N-acetyl-cysteine, commonly abbreviated to NAC, is a precursor of the amino acid L-cysteine and the antioxidant glutathione (GSH). One of NAC’s most important roles involves maintaining cellular GSH levels and minimising the damaging effect of reactive oxygen species (ROS). As oxidative stress is involved in the pathophysiology of numerous disease states, NAC supplementation may play a key role in both the prevention and treatment of these conditions.
NAC has a history of use as a mucolytic agent in chronic respiratory diseases, and also as an antidote to acute paracetamol-induced hepatotoxicity.
- Improves parameters of both male and female fertility
- Lowers homocysteine levels
- Modulates the glutamatergic system
- Precursor to L-cysteine
- Promotes detoxification
- Promotes glutathione synthesis
- Cardiovascular diseases, e.g. angina, hyperhomocysteinaemia, hyperlipidaemia, myocardial infarction
- Chronic fatigue syndrome
- Compulsive and impulsive behaviours, e.g. nail biting, skin picking, trichotillomania (hair pulling), gambling
- Conditions associated with increased oxidative stress, e.g. infertility, heart disease, cancer, lung diseases, cataracts, diabetes, Parkinson’s disease
- Drug addictions, e.g. cocaine, marijuana
- Exercise and sports performance
- Female reproductive health, e.g. polycystic ovarian syndrome (PCOS), miscarriage prevention, infertility
- Heavy metal detoxification
- Helicobacter pylori infection (to increase the effectiveness of triple therapy)
- HIV infection
- Inflammatory diseases
- Liver detoxification
- Male reproductive health
- Neurological and neurobehavioural disorders, e.g. schizophrenia, bipolar disorder, depression, autism, attention deficit hyperactivity disorder (ADHD)

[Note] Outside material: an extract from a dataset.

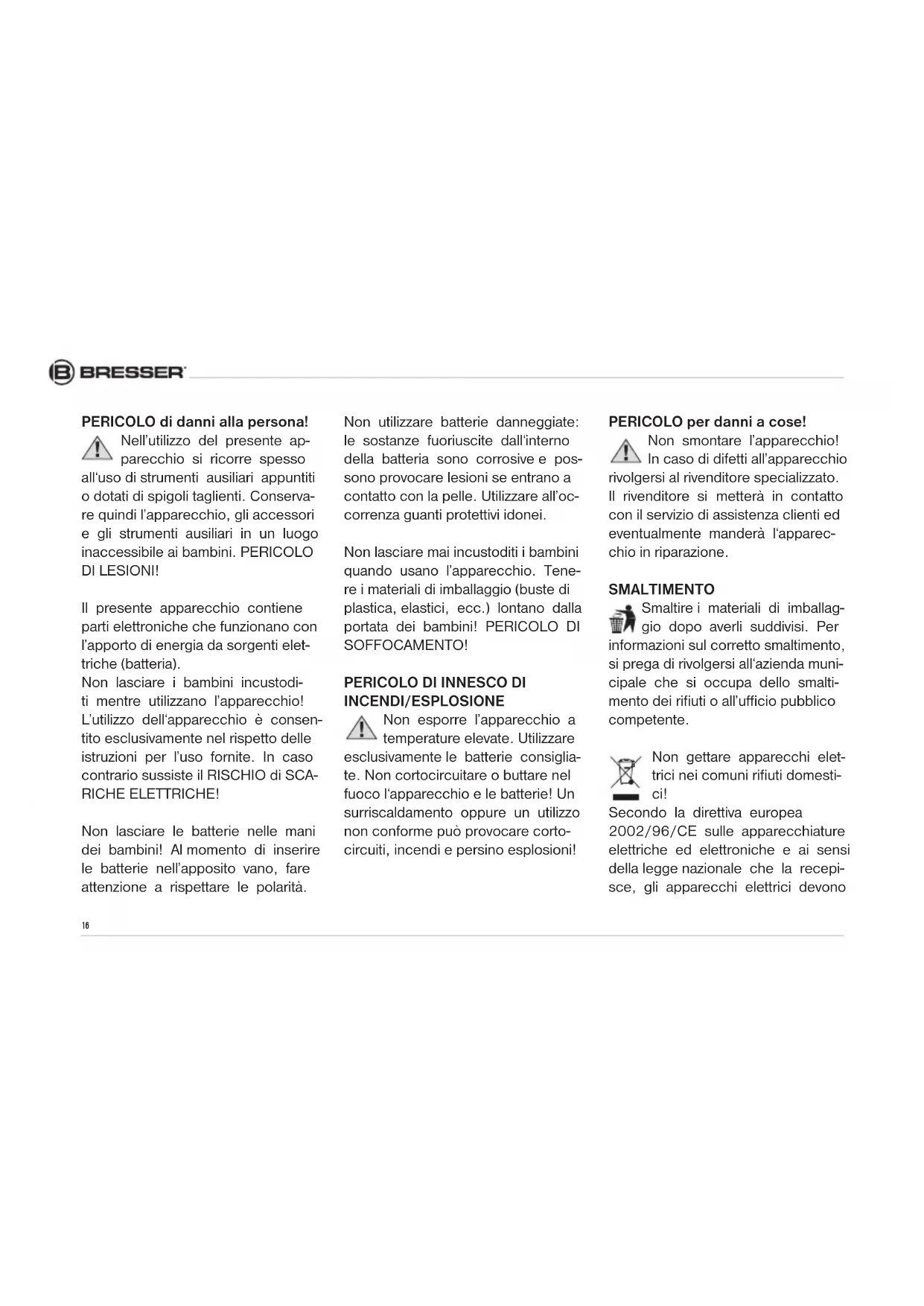 Batteria contiene piombo Dichiarazione di conformità CE Een “conformiteitsverklaring” in overeenstemming met de van toepassing zijnde richtlijnen en overeenkomstige normen is door Bresser GmbH afgegeven. Deze kan elk moment op aanvraag worden in- gezien. essere differenziati e smaltiti sepa- ratamente per poter essere trattati e riciclati nel rispetto dell’ambiente. Le batterie normali e ricarica- bili devono essere corretta- mente smaltiti come sta previsto dalla legge. È possibile tornare batterie inutilizzati presso il punto di vendita o cedere in centri di raccolta organizza- ti dai comuni per la raccolta gratuita- mente. Le batterie normali e ricaricabili sono contrassegnati con il simbolo corri- spondente disposte per lo smaltimen- to e il simbolo chimico della sostanza inquinante. Per Esempio: “CD” sta per il cadmio, il “Hg” sta per mercurio e “Pb” per il piombo. Cd¹ Hg² Pb³ I componenti del tuo microscopio (fig. 1-4): 1 Testata binoculare (con portaoculari) 2 Obiettivo stereoscopico 3 Oculari 4 Illuminazione a LED 5 Tavolino portaoggetti (con piastra portaoggetti bicolore) 6 Clip 7 Ghiera della messa a fuoco 8 Interruttore acceso/spento 9 Vano batterie 10 Viti di fissaggio 11 Coperchio del vano batterie 12 Contatti delle batterie (lamierini piatti e morsetti a molla) 13 Protezione dalla luce diffusa Ubicazione Prima di cominciare, cerca una po- sizione adatta per effettuare le tue osservazioni al microscopio. È im- portante che ci sia luce a sufficienza (finestra, lampada da tavolo).18 Osservazione semplice Posiziona l’oggetto da osservare (per esempio una pietra) al centro del tavolino portaoggetti (5). La piastra portaoggetti è estraibile e presenta un lato nero e un lato bianco. Il lato nero è più indicato per osservare og- getti chiari o trasparenti. Se l‘oggetto è sufficientemente gran- de è meglio fissarlo con le clip (6). Guarda attraverso la testata binocula- re (1) e modifica la distanza degli ocu- lari (3) finché l‘immagine non apparirà nitida e perfettamente circolare. Per regolare la messa a fuoco gira lentamente la ghiera (7). Sostituzione delle pile Spegnere l’illuminazione (4) median- te l’interruttore principale (8). Rimuovi entrambi gli oculari (3) dai portaocu- lari (1) e capovolgi il microscopio. Nella base del microscopio si trova il vano batterie (9). Allentare le 6 viti di fissaggio (10) del coperchio del vano pile (11) situato sul lato inferiore dello strumento, quindi rimuovere il coperchio. Inserisci le batterie in modo tale che l’estremità piatta della batteria, cioè il polo negativo (-), prema contro il mor- setto a molla e che il polo positivo (+) sia a contatto con il lamierino (12). Rimettere il coperchio (11) e fissarlo con le 6 viti (10). Capovolgere il mi- croscopio. Rimetti gli oculari al loro posto. Ora, premendo l’interruttore acceso/spento (8), situato sulla base del microscopio, puoi accendere e spegnere l’illuminazione (4). AVVERTENZE per la pulizia Per pulire l’apparecchio, scollegarlo dalla sorgente di energia elettrica (ri- muovere le batterie)! Pulire l’apparecchio solo esterna- mente con un panno asciutto. Non utilizzare liquido detergente per evitare che i componenti elettronici dell’apparecchio si danneggino. Proteggere l’apparecchio da polvere e umidità! Conservarlo nella custodia in dotazione o nella confezione ori- ginale. Laddove l’apparecchio resti inutilizzato per un periodo di tempo prolungato, rimuovere le batterie. Pulire le lenti (oculare e obiettivo) solo con l‘apposito panno in dotazione op- pure con un altro panno morbido che non lasci peli (per es. in microfibra). Non premere con il panno sulle lenti per evitare che si graffino. Per rimuovere i residui di sporco più ostinati inumidire il panno con un li- quido detergente per occhiali e puli- re le lenti esercitando solo una lieve pressione.19

- Paracetamol poisoning and associated hepatotoxicity
- Respiratory diseases, e.g. chronic obstructive pulmonary disease (COPD), bronchitis, cystic fibrosis
Mechanisms of action
NAC is a thiol, a sulfhydryl containing compound with widespread activity in the body and diverse clinical applications. The sulfhydryl group of NAC provides important metabolic activity including stimulating GSH synthesis, enhancing glutathione-S-transferase activity, promoting detoxification and acting directly on free radicals. The acetyl-substituted amino group is also key to NAC’s clinical effectiveness, reducing its susceptibility to oxidation and enhancing its overall absorption.
Perhaps NAC’s most documented and important action is its ability to enhance GSH synthesis. GSH is a ubiquitous antioxidant, synthesised endogenously in the majority of the body’s cells and regarded as one of the most important antioxidants. GSH maintains the redox state of the cell and plays a pivotal protective role against the damaging effects of oxidative stress. Reactive oxygen species reduce both intracellular and extracellular glutathione and may influence or initiate disease progression.

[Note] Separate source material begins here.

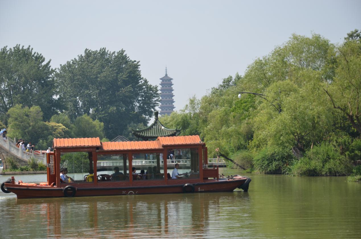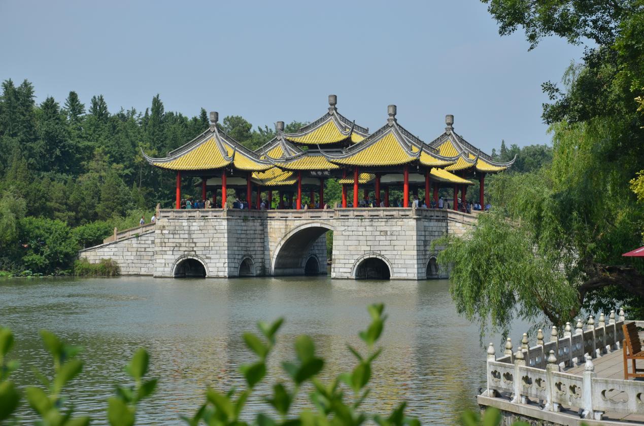 “故人西辭黃鶴樓,煙花三月下?lián)P州?!崩畎啄捴巳丝?/span>的千古絕唱平添了揚州這座古城名邑的無限風(fēng)韻。我們雖未能見到揚州三月柳絮紛飛的美景,卻領(lǐng)略到了初夏時節(jié)揚州城的熱情?!疤煜挛骱氁粺o二瘦西湖”,來到揚州第一站,當(dāng)仁不讓瘦西湖。是日藍(lán)天白云,一目千里,與周圍的美景同時映入眼簾,不經(jīng)意間就讓人心曠神怡。拍完景點的大合影之后,小伙伴們迫不及待地進(jìn)入園區(qū),一邊聽導(dǎo)游講解一邊相互拍照留念,忙的不亦樂乎。園中景象以二十四橋、五亭橋、釣魚臺、小金山給人印象最深,以“枯木逢春”一景寓意最厚,不愧于古人對瘦西湖“瘦于外部的形態(tài),秀于內(nèi)在的神韻”的評價。

GSH is synthesised from the amino acids glutamate, glycine and cysteine. Its synthesis is regulated by gamma-glutamylcysteine synthetase activity, cysteine availability and glutathione feedback inhibition.[1,11] Cysteine is the rate limiting amino acid in glutathione synthesis, with reduced cysteine availability limiting glutathione synthesis during times of increased oxidative stress.
NAC crosses the cell membrane where it is converted to cysteine then GSH. Supplementation with NAC may replenish GSH levels, increasing the body’s antioxidant defences. This occurs most effectively when GSH demand is increased during times of heightened oxidative stress or during certain disease processes.
In addition to stimulating GSH synthesis, NAC has shown direct antioxidant activity against ROS. The direct and indirect antioxidant activity of NAC may account for its ability to prevent adverse effects due to toxic chemicals and drug reactions.
NAC has been employed as a successful mucolytic agent for a range of respiratory conditions including COPD. The sulfhydryl group of NAC provides mucolytic activity by hydrolysing the mucoprotein disulfide bonds, causing the mucus to split into smaller, less viscose pieces. NAC may also clear mucus from respiratory airways by stimulating ciliary action and the gastro-pulmonary vagal reflex, resulting in expectorant activity.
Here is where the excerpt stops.